# Chains on a fire hydrant



## Pcinspector1 (May 17, 2012)

Do the chains on the fire hydrant caps serve any other purpose other than preventing the cap from disapearing when the hydrant is in use?

pc1


----------



## Coug Dad (May 17, 2012)

Keep the caps from being stolen when the hydrant is not in use?


----------



## mark handler (May 17, 2012)

Around here there has been an increase in the theft of fire hydrant caps. They just cut the chains.


----------



## Builder Bob (May 17, 2012)

Nope...... keeps honest people honest and also prevents a loose cap from blowing off the hydrant when it is charged.


----------



## globe trekker (May 17, 2012)

Brass is fetching a pretty good amount (of money) when recycled.  I'm surprised that

more caps aren't stolen!


----------



## hlfireinspector (May 17, 2012)

Never seen a brass cap on a fire hydrant. On a standpipe or FDC yah.


----------



## Pcinspector1 (May 17, 2012)

I noticed a lot of hydrants in town with the chains dangling from the caps and not attached to the hydrant since we've been painting the bonnets for flow rates. I wondered if the main purpose was to prevent the cap from blowing off when charged?
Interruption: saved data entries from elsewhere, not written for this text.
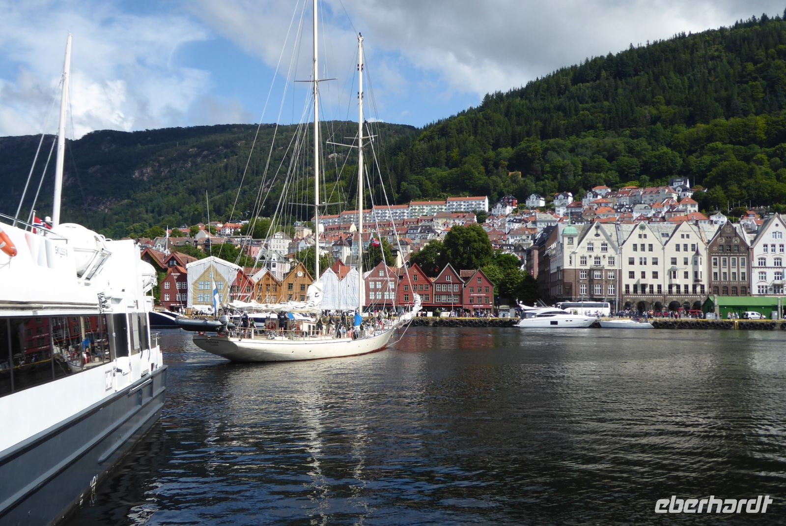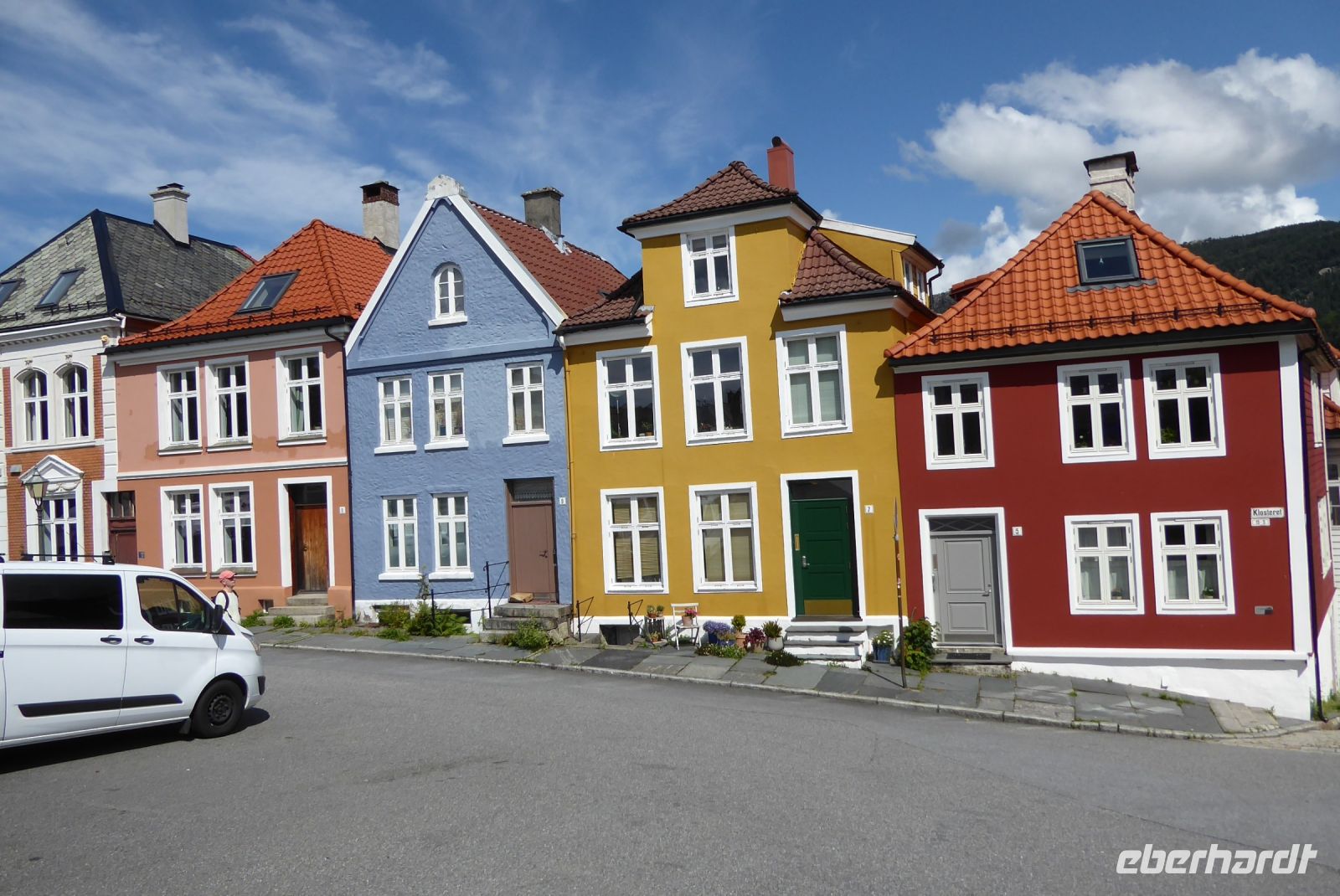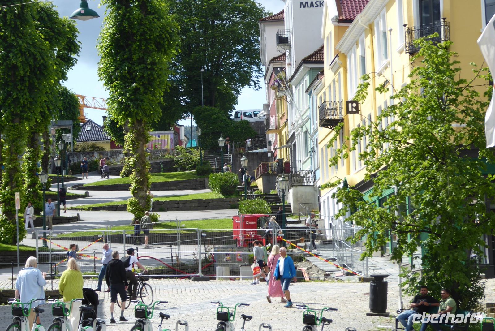 Heute verlassen wir unseren Standort Voss, um mit der Bergenbahn weiter in die Hafenstadt Bergen. Ein Checkin ist um diese Zeit noch nicht möglich, also stellen wir die Koffer ab und laufen gemütlich am Kaigaten entlang in die Stadt zum Fischmarkt. Dort treffen wir zum vereinbarten Zeitpunkt unsere Stadtführerin, die uns 3 Stunden lang viele kleine und große Sehenswürdigkeiten dieser tollen Stadt zeigt. Höhepunkt ist natürlich der Rundgang durch Bryggen, das Weltkulturerbe der UNESCO. Nach der Führung ist es möglich, die Zimmer im Hotel zu übernehmen, die Füße hoch zu legen oder nochmals in die nahe Innenstadt zu pilgern. Für den nächsten Tag, der für alle zur freien Verfügung steht, verabreden wir uns zur gemeinsamen Auffahrt auf den Stadtberg Bergens, Floyen.
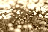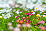 Beautiful meadow in springtime full of flowering white and pink common daisies on green grass. Daisy lawn.
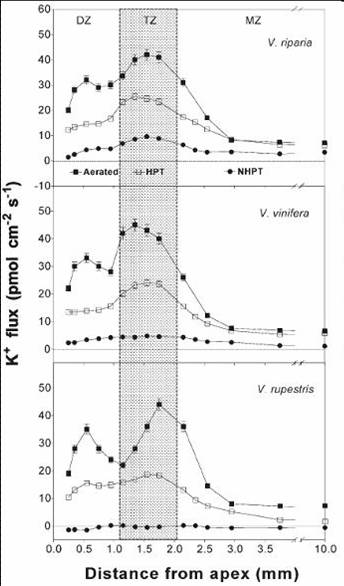 上圖:不同品種的葡萄根部在不同處理(正常含氧量, HPT,NHPT)下不同區域的K+流速圖譜。
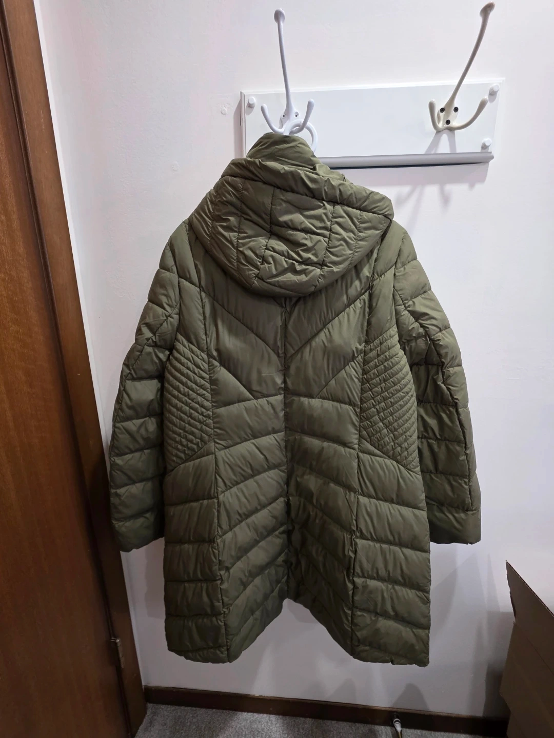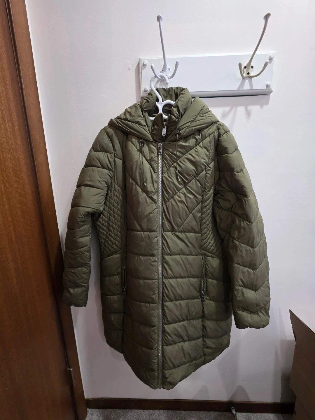 Selling a cozy olive green puffer jacket! It's in great shape and perfect for staying warm during the cooler months. The jacket features a hood for extra protection from the elements. It's a stylish and practical addition to any wardrobe!

I also wondered if the fire district cuts them loose when fighting a fire, and if that's a normal practice?

and yes they are taken the brass caps off the FDC for the brass. makes a nice bird nest!

pc1


----------



## rshuey (May 17, 2012)

Sometimes ff will cut them because they are binding up and time counts. Ive cut my fair share...haha


----------



## hlfireinspector (May 18, 2012)

Me too, same reason. Few coats of paint really gums them up.



			
				rshuey said:
			
		

> Sometimes ff will cut them because they are binding up and time counts. Ive cut my fair share...haha


----------